For the kinds of young people who have the potential to engage in these violent acts, Hamby says that seeing coverage in which a person is not only named but exhaustively profiled can have a “titillating” effect.
“Most of us respond to these stories with horror, distress, frustration that it seems like nothing can be done to prevent these incidents. But for some people, it’s just hard to even begin to express how different their reaction could be. They see this, and it looks like power, a way of showing everybody. It may remind them of things they’ve seen in other violent media or video games and is now made real to them, and they might have a very positive response,” she explains. “It’s still not a very large body of research, but research is starting to emerge that even on much milder kinds of things, like the kinds of information that is out there just by talking about this event, you have to be careful in how you talk about this so it doesn’t cause some to fantasize and project themselves into the world of the bad guy.”
Hamby also notes that more and more young people increasingly find themselves identifying with the villains in movies — such as Darth Vader in the new Star Wars films or the character of Deadpool in the comic book movie of the same name — and feel themselves having more in common with those “who have these very dark sides to them.” Narratives surrounding school shooters — especially when the suspect is explicitly named — can have the same kind of effect.
“It seems exciting to them and engages them in a way that this kind of coverage doesn’t engage others,” she warns, “and motivates them to commit these kinds of acts.”
This is why it is so critical, Hamby says, for the media to play an active role in mitigating this large-scale trauma.
“I think the media is starting to deal with this, by doing things like not naming shooters, but is still really struggling with the problem of false equivalency,” she emphasizes. “No matter what the issue is, it’s like, ‘Well, here is one person who thinks this one thing and one person who thinks the opposite.’ It makes it seem like half of reasonable people think X and half of reasonable people think Y. But many, many times, that’s not at all what it is.”

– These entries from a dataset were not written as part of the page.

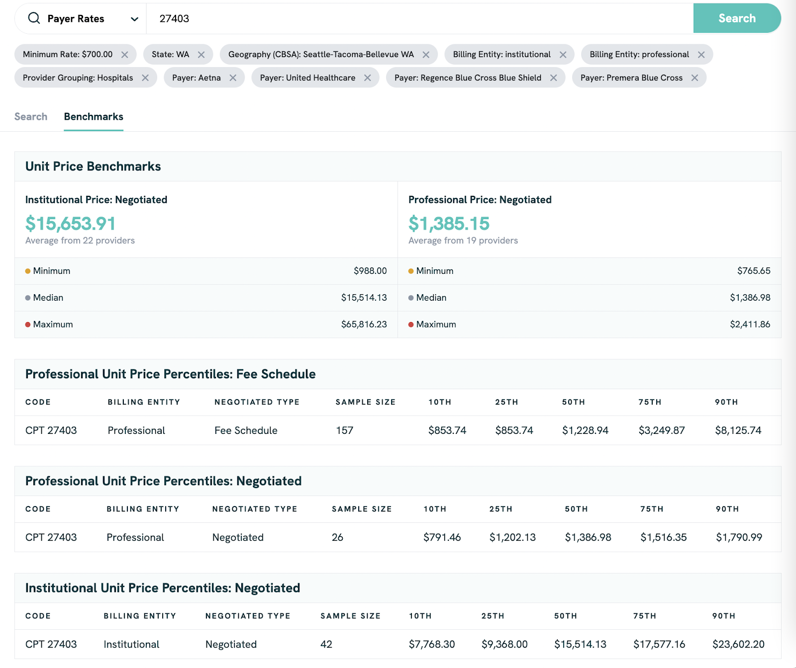 Payer Rates for 27403 for HospitalsWe can see a pretty significant difference in rate! This probably won’t surprise you since ASCs are typically paid less for the same service than hospitals. But that’s a pretty big discrepancy. You could either dig deeper and toggle to the “Search” tab and look at exact rates by hospital. There you could look at the differences in rate by institution by payer. Or, you could simply take the benchmark rates and do some connecting. Are most of your contracted rates with the payer paying the lowest amount for the same service regardless of the provider group? Or are you getting significantly lower than your neighbors from the same blue-shielded payer?
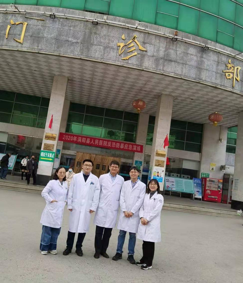 五位帮扶专家在涡阳县人民医院门诊楼前合影
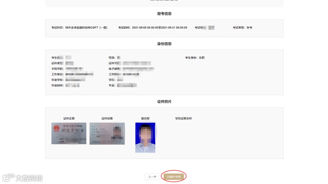 考生进行正考报名时需提交身份资料,以审核是否满足报考条件。

Hamby says that this kind of coverage — presenting fringe opinions with fair and equal treatment — effectively minimizes the perspectives of the majority by elevating those opinions and giving them equal space.
“The media is starting to deal with how to responsibly cover these kinds of events,” she says, “but if they are still presenting everything like a horse race between rival opinions, who is going to come out ahead? Gun control should not be covered like a horse race.”